Exercise: In the listing below, which lines contain the string "foto"? Copy them all.

The records:
------------

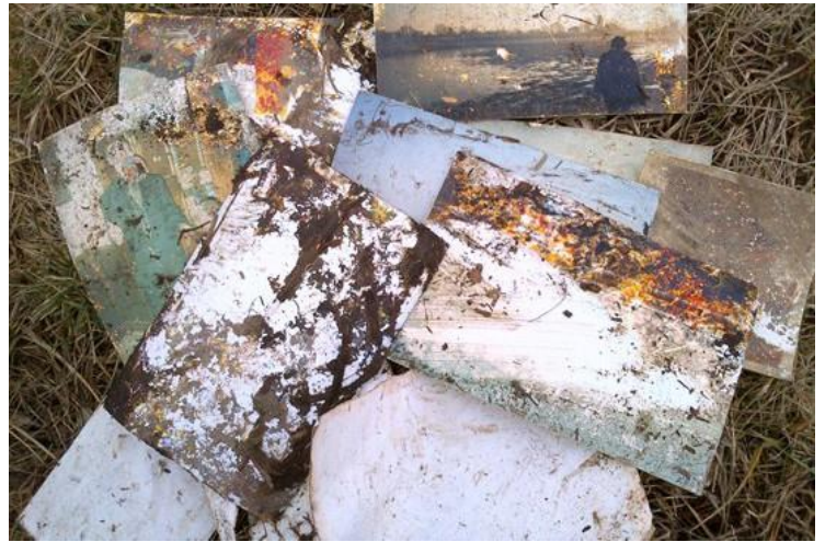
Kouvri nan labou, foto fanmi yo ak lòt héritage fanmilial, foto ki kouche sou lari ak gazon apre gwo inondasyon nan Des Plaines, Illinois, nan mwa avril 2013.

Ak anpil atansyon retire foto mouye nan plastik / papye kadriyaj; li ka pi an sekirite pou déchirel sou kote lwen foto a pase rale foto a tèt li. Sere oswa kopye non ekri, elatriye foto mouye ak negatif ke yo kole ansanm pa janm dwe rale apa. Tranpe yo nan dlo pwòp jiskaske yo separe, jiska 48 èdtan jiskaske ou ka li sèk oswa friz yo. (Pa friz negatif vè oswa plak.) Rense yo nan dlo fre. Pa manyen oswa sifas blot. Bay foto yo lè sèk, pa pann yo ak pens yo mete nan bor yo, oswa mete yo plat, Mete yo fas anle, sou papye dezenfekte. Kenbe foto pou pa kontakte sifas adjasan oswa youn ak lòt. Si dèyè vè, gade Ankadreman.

------------

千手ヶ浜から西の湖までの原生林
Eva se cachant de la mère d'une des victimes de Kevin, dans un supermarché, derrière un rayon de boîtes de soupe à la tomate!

------------

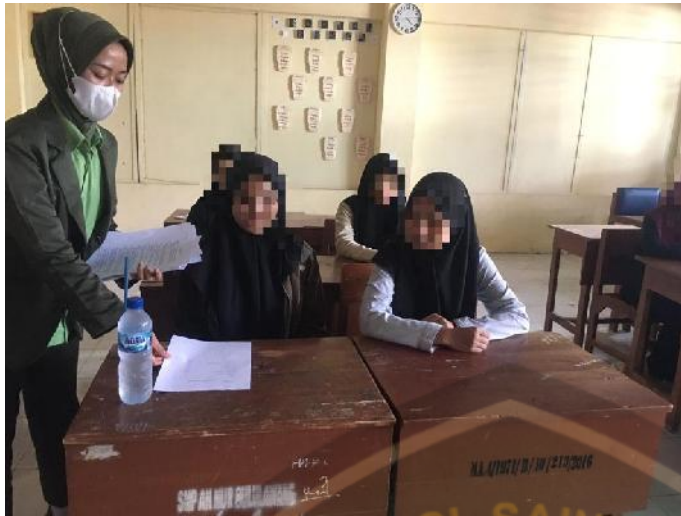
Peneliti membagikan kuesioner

------------

Result of the exercise:
Kouvri nan labou, foto fanmi yo ak lòt héritage fanmilial, foto ki kouche sou lari ak gazon apre gwo inondasyon nan Des Plaines, Illinois, nan mwa avril 2013.
Ak anpil atansyon retire foto mouye nan plastik / papye kadriyaj; li ka pi an sekirite pou déchirel sou kote lwen foto a pase rale foto a tèt li. Sere oswa kopye non ekri, elatriye foto mouye ak negatif ke yo kole ansanm pa janm dwe rale apa. Tranpe yo nan dlo pwòp jiskaske yo separe, jiska 48 èdtan jiskaske ou ka li sèk oswa friz yo. (Pa friz negatif vè oswa plak.) Rense yo nan dlo fre. Pa manyen oswa sifas blot. Bay foto yo lè sèk, pa pann yo ak pens yo mete nan bor yo, oswa mete yo plat, Mete yo fas anle, sou papye dezenfekte. Kenbe foto pou pa kontakte sifas adjasan oswa youn ak lòt. Si dèyè vè, gade Ankadreman.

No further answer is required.